Tell me a little bit about the transition, what was it that gave you sort of the courage to jump off the ship, so to speak and go into the rubber dingy?

Rebecca:

It was definitely a really, really tall ship and a vast ocean with I would even say a life preserver. I had been at the company, at National Instruments for 14 years, and I could easily have been there 14 more and have a wonderful career, but for me personally, I was looking for a challenge.

I really want to have a challenge, I want to be adding value and I also got to a point; and this isn’t uncommon in larger organisations, I became much more focused in my day to day and in my time, and managing other people in hoping to clear paths for people to be successful, in being in a lot of meetings, slow moving decision making and again not to any large company; it’s just that is how it needs to be the right decisions come out that way.

But I had really moved away from the craft of marketing and I really love and I’m very very passionate about marketing and it was such a phenomenal company that I was at, and my business partner Wendy, the thought of going to another company was really big shoes that they had to fill to entice me to come over, so we just started talking over long lunchtime workouts and late night happy hours and just started talking about it. She’s more open to risk than I am so we’re a good mix in that way in our business, even today. We really just balance each other out, but we kind of went back and forth between: “Ok we’re ready to do this,” and mostly me taking a step back; “I’m not sure.”
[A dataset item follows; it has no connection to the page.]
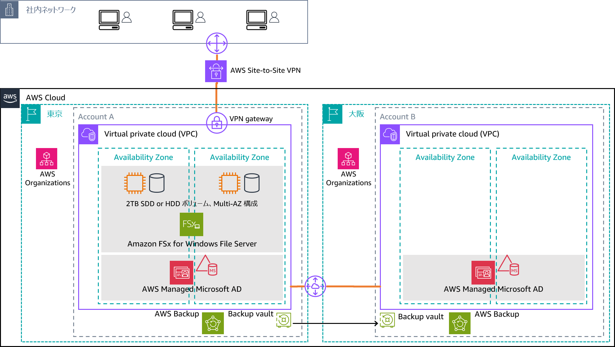 FSx for Windows は Active Directory での認証を必要としますので、この例では AWS Directory Service for Microsoft Active Directory の AWS Managed Microsoft AD(Standard Edition) の利用を想定しています。オンプレミスの Active Directory を利用する場合は、それを活用することが可能で、もしくは、オンプレミスの AD と AWS 上に構築する EC2 上の AD とレプリケーションすることで実装を検討することもできます。

In the end it was a matter of just getting an Excel spreadsheet out, trying to crunch some numbers on what we’ll need compared to our existing salaries, what our families could withstand for a year or two in a greatly reduced income. Just the hard facts, the hard discussions with our spouses of moving out of the really comfortable safe corporate job to the scary world of business ownership.

I decided in the end, and this may be helpful for people listening: ok, I know I’m a smart person, I have been successful in marketing so far and it’s not that I’m new to marketing and so I had the foundation to build on. My husband and I sat down and we decided, “Ok, I’m going to do this for a year, if it fails, that is ok; I will have learned a lot, I will have spread my wings, I will have had a great challenge.”

I knew there might be an opportunity for me to go back to the company that I had come from, or I may decide to spread my wings, small business didn’t work out, I know I could go and do something else. I took the pressure off myself of; I have to build a successful company and instead I’d try to break it down into a smaller chunk and say:

“I’m going to take a year off from what I’m doing and I’m going to try something really scary and really exciting for a year,” and if I don’t like it or if it doesn’t work out financially, or I wasn’t at good at marketing as I thought I was, for whatever reason; that’s ok. Then I’m going to give it a year and I’m going to do something else, or may, like I said, go back to the company.

Taking that pressure off myself of a long-term salary that I have to start bringing in, and just trying to think of it as a pilot for a year, I had the benefit of being able to do that, that really helped.

Trent:

How much of a pay cut did you end up taking in that first twelve months?

Rebecca:

My business partner stayed at the company about four to six more months after I left, so we split her salary. I had a couple of customers that were more aligned to my service area, so I left first and we were able to start bringing in some income and then we started to look at the pipeline. Then Wendy ended up leaving and joining me, so then we lost her salary, I would say a good 75% pay cut.

Trent:

How about in year two?

Rebecca:

Year two was the year after Lehman Brothers declared bankruptcy and everything want to hell in a hand basket economically so probably again 75%, maybe 50% towards the end of that year.

Trent:

How about now?

Rebecca:

Probably 50% greater.

Trent:

Yeah, I knew there had to be a role model there somewhere.

Rebecca:

I was back to salary in probably in year three, in year four I was passed it and now we’re 50% more and probably will double.

Trent:

Early on and I asked you about this in the pre-interview, your first six customers came from the corporate role at ex, people that you knew and then your pipeline went completely dry and you kind of had a really big A-ha. I think it was after a mentor or competitor asked you a question. What was that question?

Rebecca:

This was another agency here in Austin, a very good friend of mine, Austin has a very entrepreneurial collaborative business environment, we’re all very friendly and supportive of each other and he invited me down to his office and said: “Ok Rebecca, you’ve been in this about six to nine months, who are the next three customers that you’re going after, that you want in your portfolio?”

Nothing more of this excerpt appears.